[Dataset excerpts]
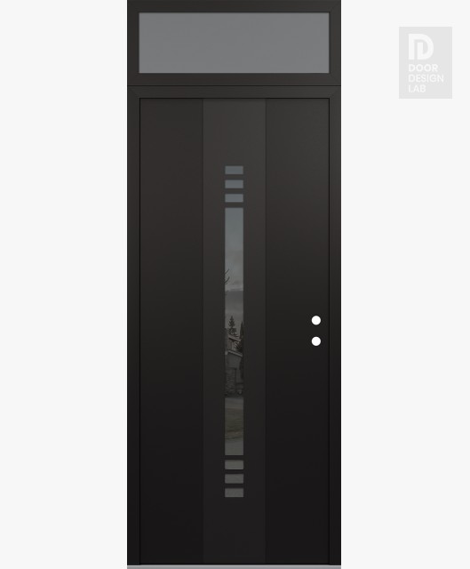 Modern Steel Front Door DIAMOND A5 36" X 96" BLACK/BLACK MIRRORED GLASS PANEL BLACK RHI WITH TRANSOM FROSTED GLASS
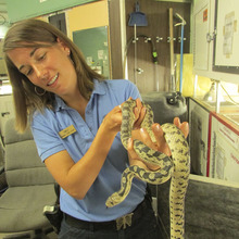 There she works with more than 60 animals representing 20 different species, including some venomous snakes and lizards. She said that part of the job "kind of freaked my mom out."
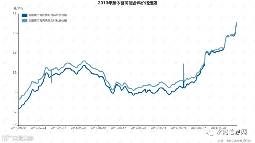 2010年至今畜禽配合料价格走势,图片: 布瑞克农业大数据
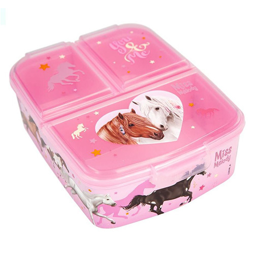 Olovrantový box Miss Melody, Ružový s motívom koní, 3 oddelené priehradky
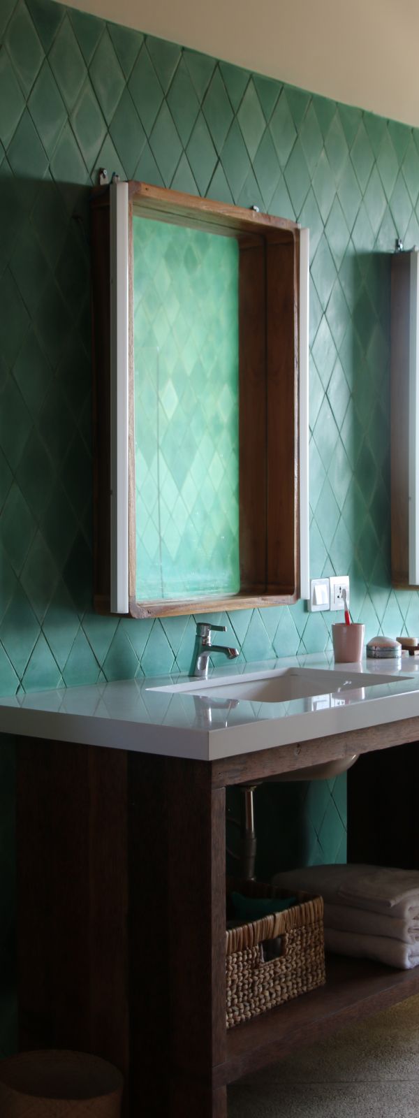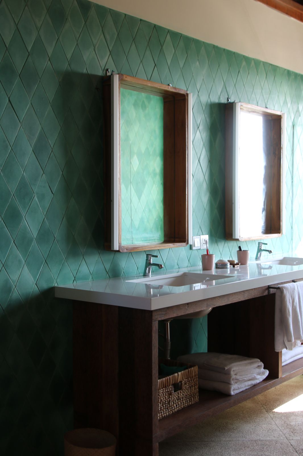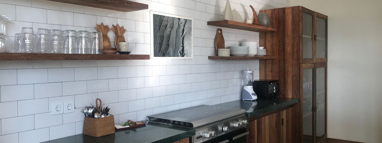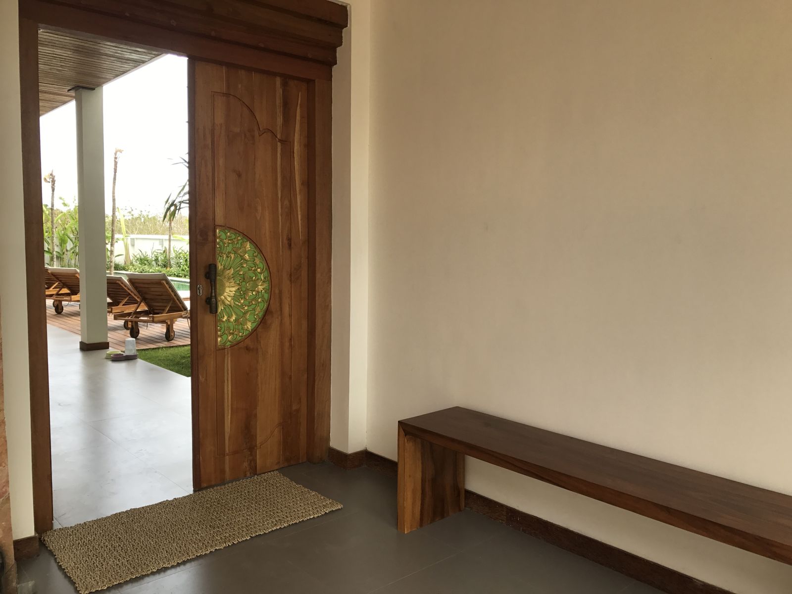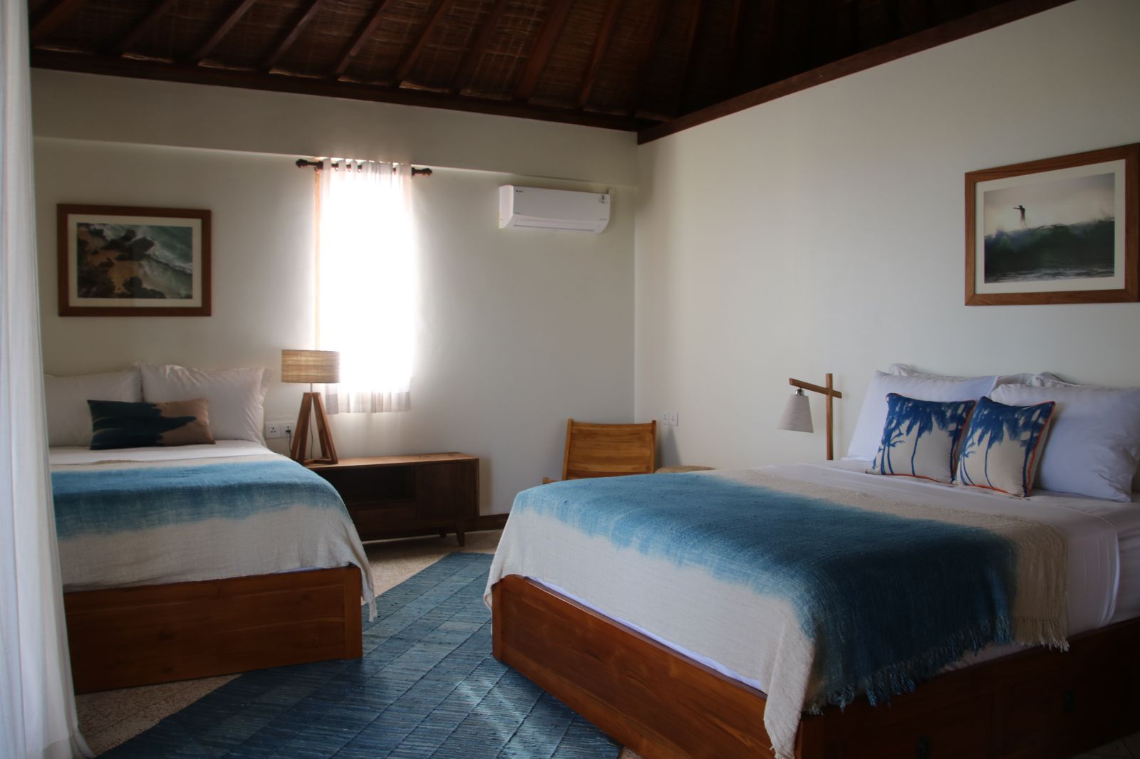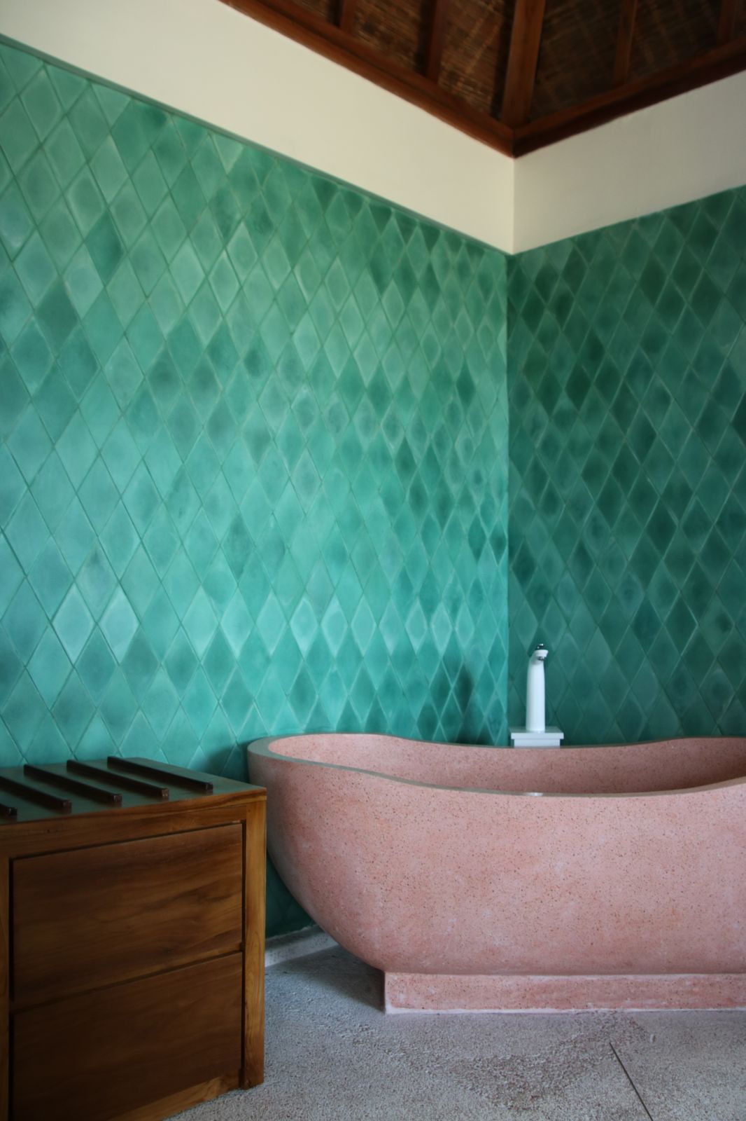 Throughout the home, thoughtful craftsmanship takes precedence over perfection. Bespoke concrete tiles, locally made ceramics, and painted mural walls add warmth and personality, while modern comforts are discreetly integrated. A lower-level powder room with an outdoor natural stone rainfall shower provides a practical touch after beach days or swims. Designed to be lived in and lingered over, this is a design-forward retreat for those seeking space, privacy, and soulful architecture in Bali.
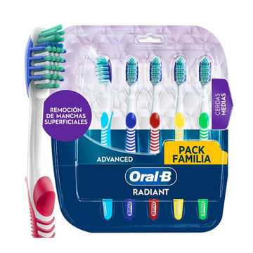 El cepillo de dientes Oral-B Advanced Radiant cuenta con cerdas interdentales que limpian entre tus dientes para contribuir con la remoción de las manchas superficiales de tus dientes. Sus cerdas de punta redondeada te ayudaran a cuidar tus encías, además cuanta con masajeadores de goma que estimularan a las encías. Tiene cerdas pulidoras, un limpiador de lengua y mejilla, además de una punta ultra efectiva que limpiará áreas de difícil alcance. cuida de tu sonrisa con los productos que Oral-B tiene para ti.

#### TASK TO COMPLETE:
For this exercise, the lines from the one containing "2010年至今畜禽配合料价格走势,图片: 布瑞克农业大数据" through the last line of the entries above are to be output exactly, both included, and pictures are skipped.

#### RESPONSE TO THIS EXERCISE:
 2010年至今畜禽配合料价格走势,图片: 布瑞克农业大数据
 Olovrantový box Miss Melody, Ružový s motívom koní, 3 oddelené priehradky
 Throughout the home, thoughtful craftsmanship takes precedence over perfection. Bespoke concrete tiles, locally made ceramics, and painted mural walls add warmth and personality, while modern comforts are discreetly integrated. A lower-level powder room with an outdoor natural stone rainfall shower provides a practical touch after beach days or swims. Designed to be lived in and lingered over, this is a design-forward retreat for those seeking space, privacy, and soulful architecture in Bali.
 El cepillo de dientes Oral-B Advanced Radiant cuenta con cerdas interdentales que limpian entre tus dientes para contribuir con la remoción de las manchas superficiales de tus dientes. Sus cerdas de punta redondeada te ayudaran a cuidar tus encías, además cuanta con masajeadores de goma que estimularan a las encías. Tiene cerdas pulidoras, un limpiador de lengua y mejilla, además de una punta ultra efectiva que limpiará áreas de difícil alcance. cuida de tu sonrisa con los productos que Oral-B tiene para ti.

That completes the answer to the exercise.